WHAT TO DO: The answer should hold only the lines from the one containing "--- The website" through the one containing "歩行時にバランスを取るために" in the entries below, copied exactly, without pictures.

INPUT:
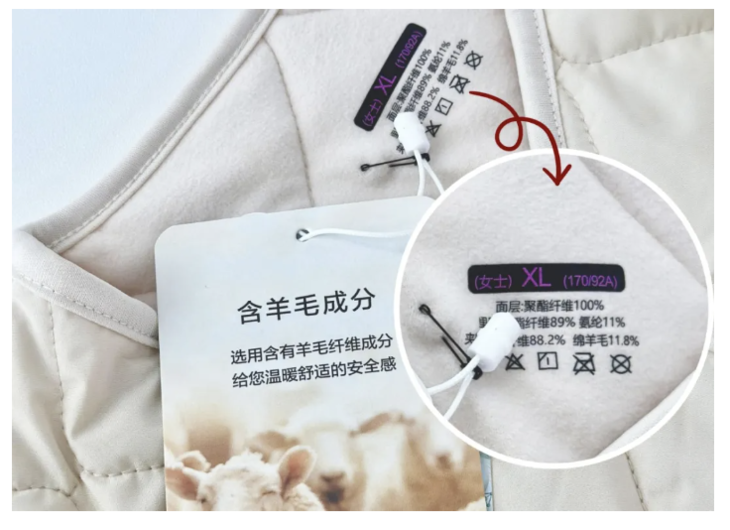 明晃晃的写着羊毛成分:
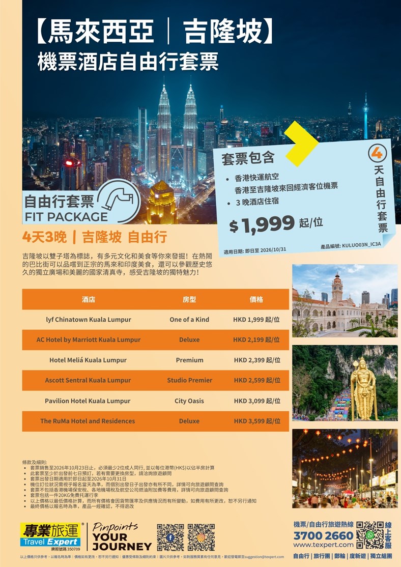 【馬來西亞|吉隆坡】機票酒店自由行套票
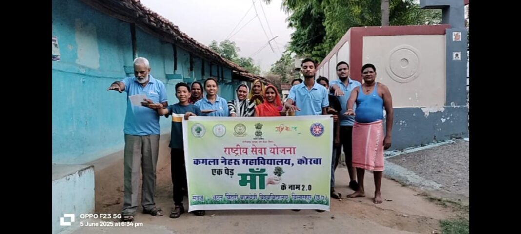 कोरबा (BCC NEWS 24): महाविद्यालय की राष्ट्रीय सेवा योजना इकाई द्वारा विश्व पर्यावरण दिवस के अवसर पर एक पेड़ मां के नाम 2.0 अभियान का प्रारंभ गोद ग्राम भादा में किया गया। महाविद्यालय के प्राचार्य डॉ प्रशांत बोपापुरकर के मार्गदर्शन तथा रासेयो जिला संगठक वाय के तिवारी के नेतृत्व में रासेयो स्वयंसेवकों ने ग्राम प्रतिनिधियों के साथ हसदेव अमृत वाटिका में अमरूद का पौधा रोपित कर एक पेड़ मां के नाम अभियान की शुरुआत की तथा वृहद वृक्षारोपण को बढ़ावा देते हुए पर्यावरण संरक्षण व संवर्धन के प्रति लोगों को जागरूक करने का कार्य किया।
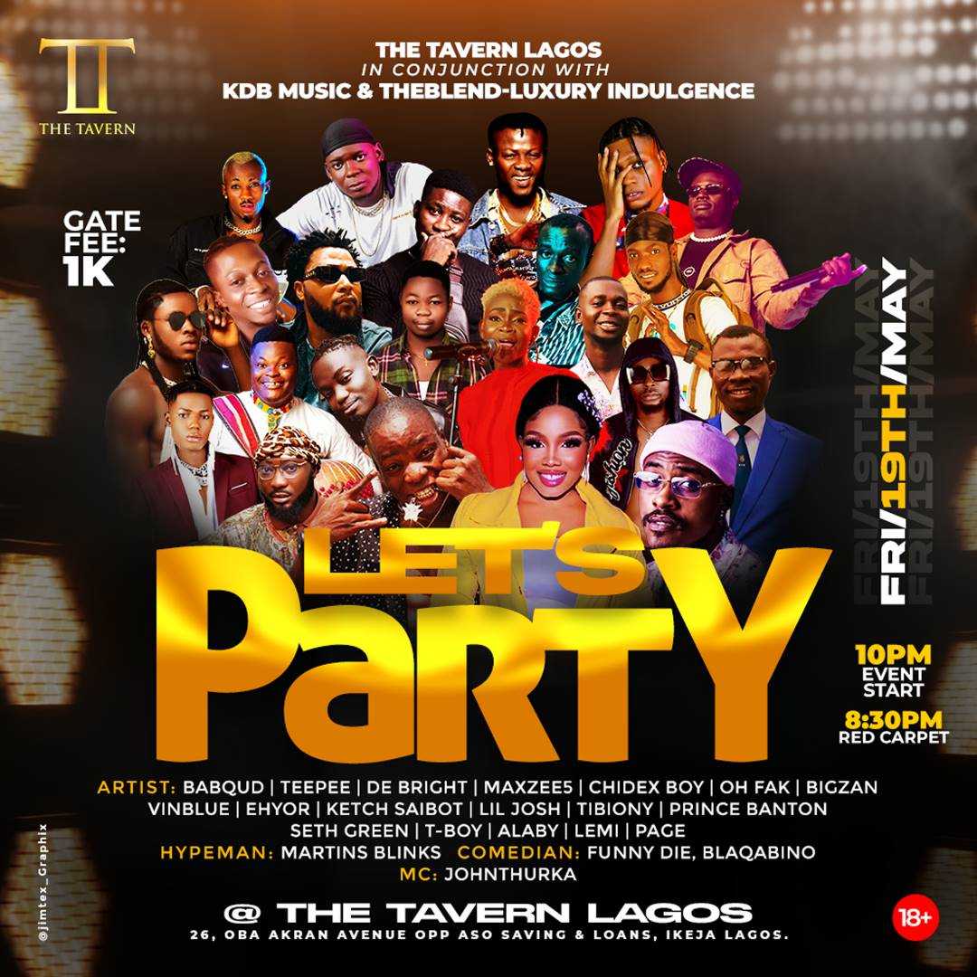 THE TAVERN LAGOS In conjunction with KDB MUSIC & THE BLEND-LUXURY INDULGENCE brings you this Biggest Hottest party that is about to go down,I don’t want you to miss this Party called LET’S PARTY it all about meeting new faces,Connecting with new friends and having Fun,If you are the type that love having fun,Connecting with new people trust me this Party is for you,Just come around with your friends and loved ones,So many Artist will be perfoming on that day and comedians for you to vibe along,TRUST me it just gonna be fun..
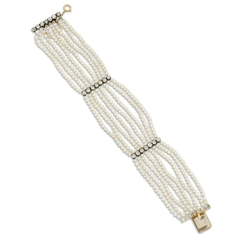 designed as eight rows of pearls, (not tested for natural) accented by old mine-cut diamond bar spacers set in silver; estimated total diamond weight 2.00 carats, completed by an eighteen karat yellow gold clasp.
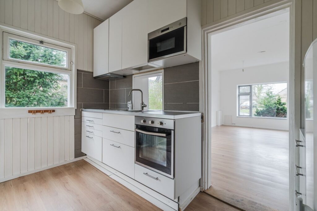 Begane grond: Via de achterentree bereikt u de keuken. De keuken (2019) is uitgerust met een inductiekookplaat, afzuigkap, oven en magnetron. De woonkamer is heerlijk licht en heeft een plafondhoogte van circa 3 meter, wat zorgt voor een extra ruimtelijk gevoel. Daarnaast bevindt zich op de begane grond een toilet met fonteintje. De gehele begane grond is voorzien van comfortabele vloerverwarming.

--

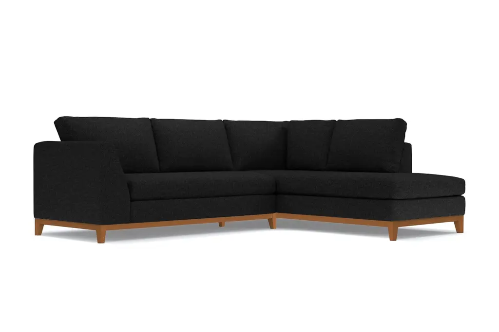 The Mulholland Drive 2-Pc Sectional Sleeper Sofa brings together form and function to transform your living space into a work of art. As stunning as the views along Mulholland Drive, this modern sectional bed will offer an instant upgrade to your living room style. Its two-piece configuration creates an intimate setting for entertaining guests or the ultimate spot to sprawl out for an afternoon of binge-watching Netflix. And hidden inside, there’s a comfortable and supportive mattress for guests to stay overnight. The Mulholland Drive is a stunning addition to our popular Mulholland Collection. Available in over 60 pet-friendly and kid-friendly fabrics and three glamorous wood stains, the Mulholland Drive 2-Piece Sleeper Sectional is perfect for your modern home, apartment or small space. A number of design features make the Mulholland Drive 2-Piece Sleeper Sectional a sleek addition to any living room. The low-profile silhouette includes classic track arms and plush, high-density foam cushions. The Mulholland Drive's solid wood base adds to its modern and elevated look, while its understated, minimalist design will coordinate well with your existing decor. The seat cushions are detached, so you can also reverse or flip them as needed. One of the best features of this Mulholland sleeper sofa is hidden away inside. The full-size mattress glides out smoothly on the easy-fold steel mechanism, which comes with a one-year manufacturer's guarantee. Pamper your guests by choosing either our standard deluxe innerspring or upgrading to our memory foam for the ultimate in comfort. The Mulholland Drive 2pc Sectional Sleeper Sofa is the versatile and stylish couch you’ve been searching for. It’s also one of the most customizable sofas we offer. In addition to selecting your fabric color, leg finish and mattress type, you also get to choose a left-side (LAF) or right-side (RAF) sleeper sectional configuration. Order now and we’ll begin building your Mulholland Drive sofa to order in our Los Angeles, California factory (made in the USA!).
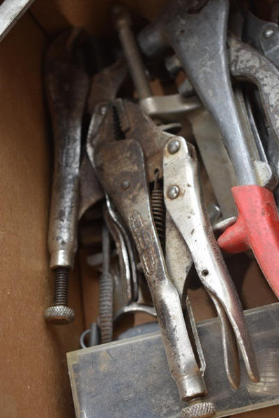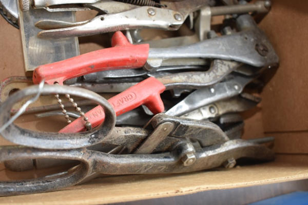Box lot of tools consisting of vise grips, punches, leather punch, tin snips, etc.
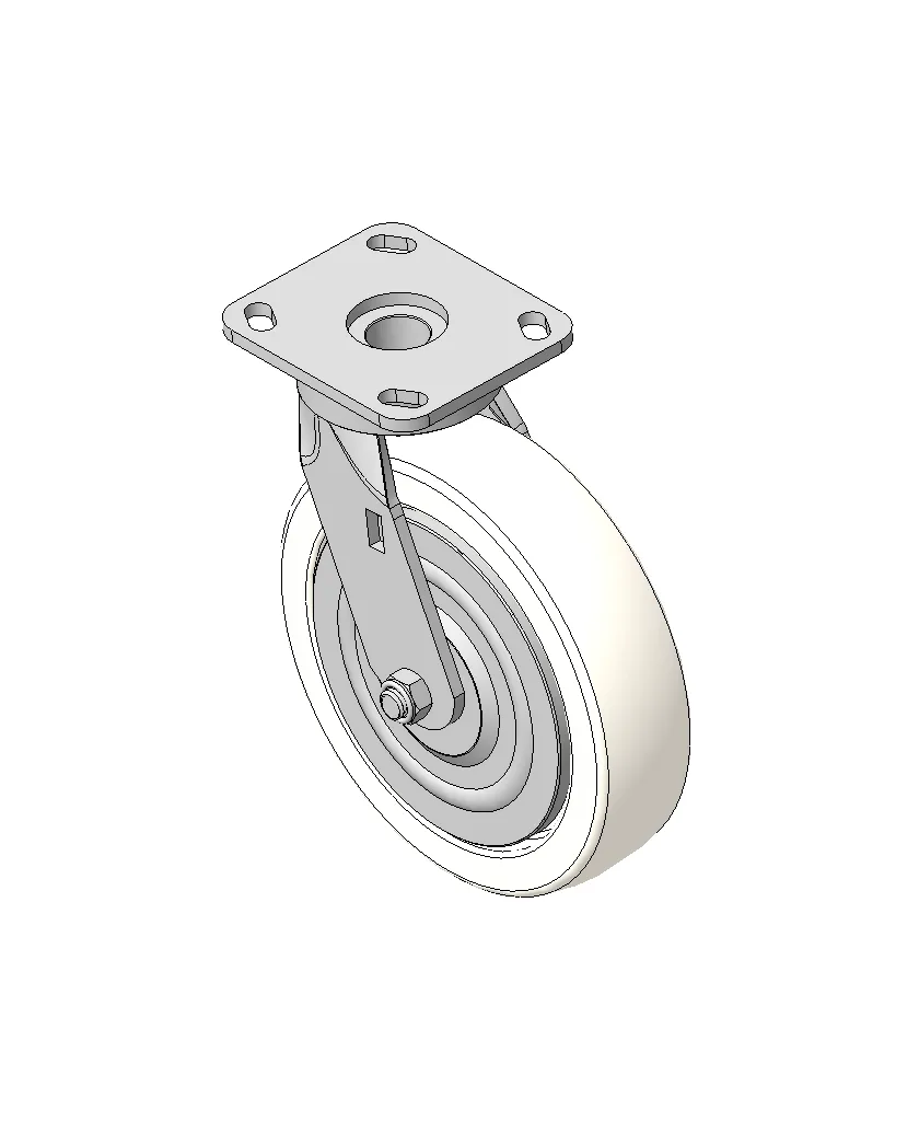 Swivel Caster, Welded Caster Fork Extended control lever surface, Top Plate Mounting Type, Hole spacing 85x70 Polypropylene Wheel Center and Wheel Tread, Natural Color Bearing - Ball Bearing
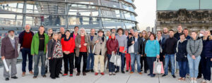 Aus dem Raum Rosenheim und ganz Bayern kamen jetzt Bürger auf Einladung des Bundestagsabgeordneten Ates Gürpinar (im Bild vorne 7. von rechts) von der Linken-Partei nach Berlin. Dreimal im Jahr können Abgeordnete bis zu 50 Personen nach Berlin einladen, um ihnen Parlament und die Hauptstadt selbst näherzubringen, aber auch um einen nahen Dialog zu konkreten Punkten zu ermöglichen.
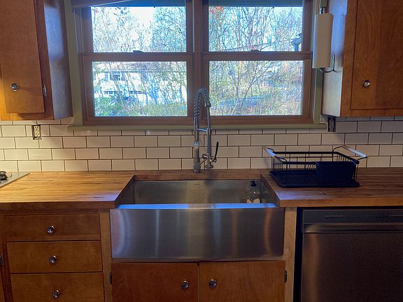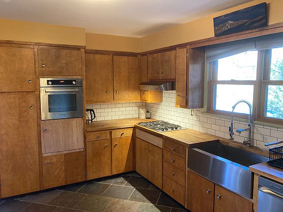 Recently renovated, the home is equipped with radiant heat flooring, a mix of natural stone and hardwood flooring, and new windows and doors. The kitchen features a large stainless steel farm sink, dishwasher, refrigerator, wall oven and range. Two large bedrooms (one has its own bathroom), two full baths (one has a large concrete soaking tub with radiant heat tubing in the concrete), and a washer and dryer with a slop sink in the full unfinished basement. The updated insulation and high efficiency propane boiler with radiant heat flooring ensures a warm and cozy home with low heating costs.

* * *

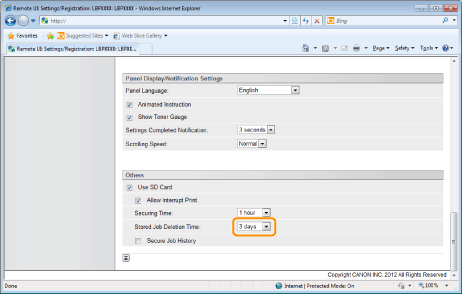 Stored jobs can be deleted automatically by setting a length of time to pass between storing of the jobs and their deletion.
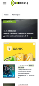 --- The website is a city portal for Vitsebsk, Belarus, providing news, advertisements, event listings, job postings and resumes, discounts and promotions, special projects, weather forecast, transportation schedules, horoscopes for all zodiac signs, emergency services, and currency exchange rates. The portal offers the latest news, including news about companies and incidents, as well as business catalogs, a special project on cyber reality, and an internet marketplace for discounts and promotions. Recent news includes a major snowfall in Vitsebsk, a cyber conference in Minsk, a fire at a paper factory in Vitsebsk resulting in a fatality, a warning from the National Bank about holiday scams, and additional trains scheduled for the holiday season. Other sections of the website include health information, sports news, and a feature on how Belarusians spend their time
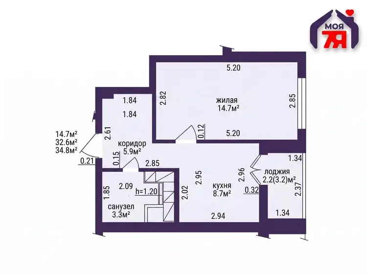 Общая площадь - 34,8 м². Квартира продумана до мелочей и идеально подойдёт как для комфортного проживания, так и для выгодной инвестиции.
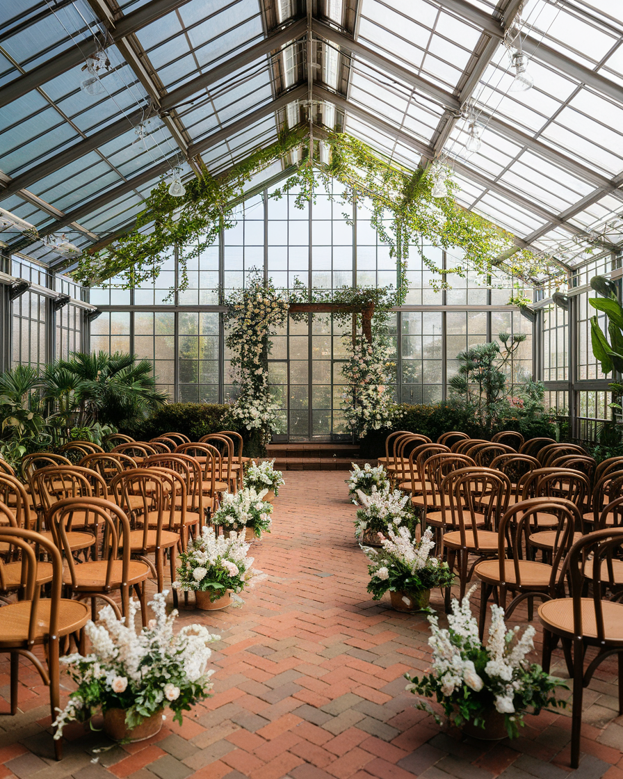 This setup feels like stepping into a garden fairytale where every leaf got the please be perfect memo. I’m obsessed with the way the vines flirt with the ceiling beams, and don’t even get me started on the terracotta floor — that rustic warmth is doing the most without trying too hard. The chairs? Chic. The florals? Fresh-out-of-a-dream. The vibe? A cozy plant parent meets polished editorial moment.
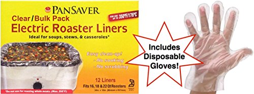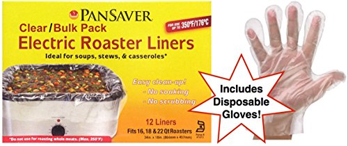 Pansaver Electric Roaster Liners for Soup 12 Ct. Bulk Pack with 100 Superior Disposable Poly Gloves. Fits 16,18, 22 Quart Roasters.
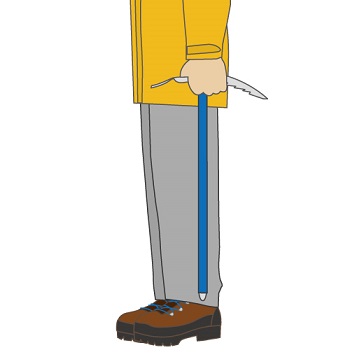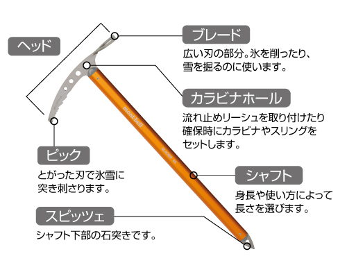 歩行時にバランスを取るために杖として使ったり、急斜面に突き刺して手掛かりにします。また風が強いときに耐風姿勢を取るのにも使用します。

EXERCISE ANSWER:
 --- The website is a city portal for Vitsebsk, Belarus, providing news, advertisements, event listings, job postings and resumes, discounts and promotions, special projects, weather forecast, transportation schedules, horoscopes for all zodiac signs, emergency services, and currency exchange rates. The portal offers the latest news, including news about companies and incidents, as well as business catalogs, a special project on cyber reality, and an internet marketplace for discounts and promotions. Recent news includes a major snowfall in Vitsebsk, a cyber conference in Minsk, a fire at a paper factory in Vitsebsk resulting in a fatality, a warning from the National Bank about holiday scams, and additional trains scheduled for the holiday season. Other sections of the website include health information, sports news, and a feature on how Belarusians spend their time
 Общая площадь - 34,8 м². Квартира продумана до мелочей и идеально подойдёт как для комфортного проживания, так и для выгодной инвестиции.
 This setup feels like stepping into a garden fairytale where every leaf got the please be perfect memo. I’m obsessed with the way the vines flirt with the ceiling beams, and don’t even get me started on the terracotta floor — that rustic warmth is doing the most without trying too hard. The chairs? Chic. The florals? Fresh-out-of-a-dream. The vibe? A cozy plant parent meets polished editorial moment.
 Pansaver Electric Roaster Liners for Soup 12 Ct. Bulk Pack with 100 Superior Disposable Poly Gloves. Fits 16,18, 22 Quart Roasters.
 歩行時にバランスを取るために杖として使ったり、急斜面に突き刺して手掛かりにします。また風が強いときに耐風姿勢を取るのにも使用します。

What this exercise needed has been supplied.